Mergers & Acquisitions 2020 | India

Market Capacity as a Cost Driver

Excess capacity of production at producers drives the prices down in market. For new product, capacity contract at producers –pushes prices upward. In rapid sales growth, capacity utilisation increase, which in turn also increases prices, whereas producers per unit cost decrease due to learning curve.

New technologies make old technologies obsolete. So when new technologies arrive old technologies may be available at discounted rates. Sectors where rapid technological changes are there, supply market also changes rapidly.

Government regulation affects the supply market greatly. Like rebates, special schemes can change the supply market scenario. Procurement professionals must keep in watch the government regulations and changes very closely.

To make Market Intelligence more useful, procurement professionals need to understand beyond what has happened in past. We need to have an understand of what might happen, something called predictive analysis. A SWOT like forward looking approach can help us to understand the strength, weakness, opportunity and threat based on internal and external supply make data.

Supply market intelligence data can be collected from many sources like RFI itself, suppliers company website, news articles, company press releases, industry magazines and government publications etc.

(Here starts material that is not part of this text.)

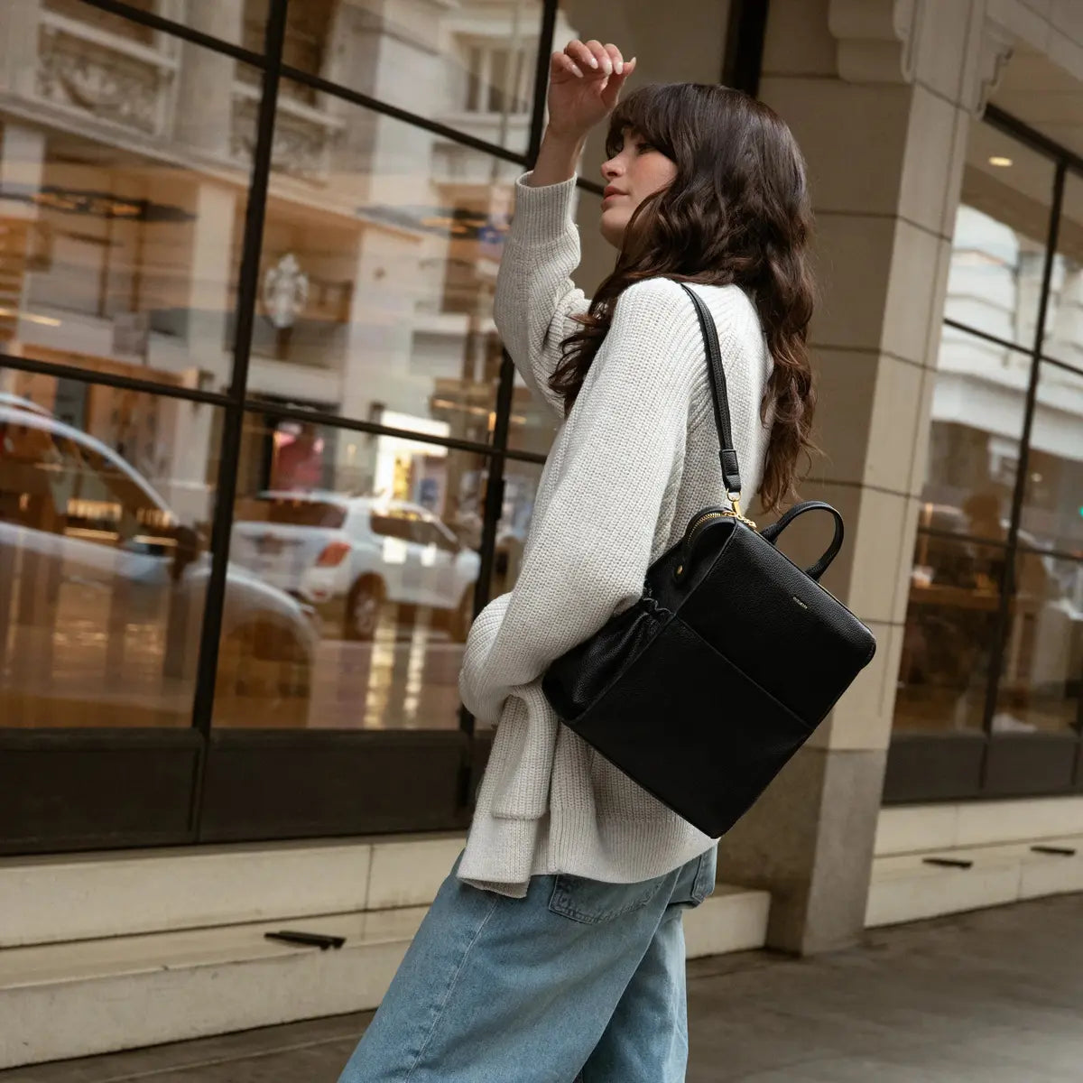 The Kylie Backpack Small is the perfect blend of style, functionality, and sustainability. Designed for those who love hands-free convenience, this compact vegan leather backpack is ideal for everyday wear, offering just the right amount of space to keep your essentials organized while maintaining a sleek, minimalist look. Crafted from premium, cruelty-free vegan leather, this versatile small backpack is perfect for work, travel, or casual outings.
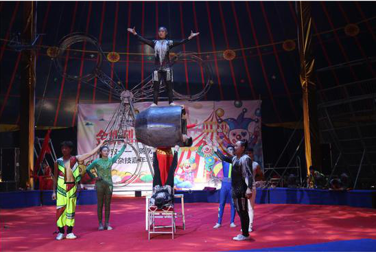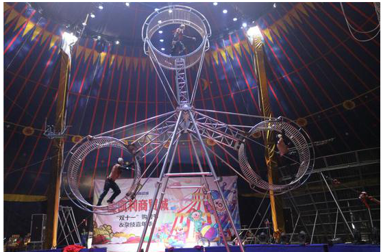 除了這些,雜技團(tuán)還表演了草帽飛舞、同時轉(zhuǎn)120個呼啦圈,還有浪橋飛人、雙人飛天等空中雜技。最后的死亡飛輪,演員們用生命挑戰(zhàn)高空+高速,動作驚險(xiǎn)萬分,更是挑戰(zhàn)觀眾心理承受極限。在幾十米空中飛旋、跳躍,沒有防護(hù),沒有鋼絲,只有對伙伴的信任和平日訓(xùn)練的經(jīng)驗(yàn)。

GEP – SUPPLY MARKET INTELLIGENCE

Conclusion

How the supply market positioning and structure effects the prices of the product can be summarized to a great extend in following points-

  1. Supply Contact Demand Increases consequently Prices Increases.
  2. Many Supplier in Market will give the buyer higher pricing flexibility hence lower prices of the product or services.
  3. Less Supplier in Market will result in less pricing flexibility hence the buyer needs to pay higher prices for the product or services.
  4. Excess Capacity in industry drives prices down
  5. New product launch with premium prices
  6. Rapid sales growth reduces capacity of the suppliers thus increasing prices
  7. More supplier in market means more capacity utilization thus prices of the product or services decreases.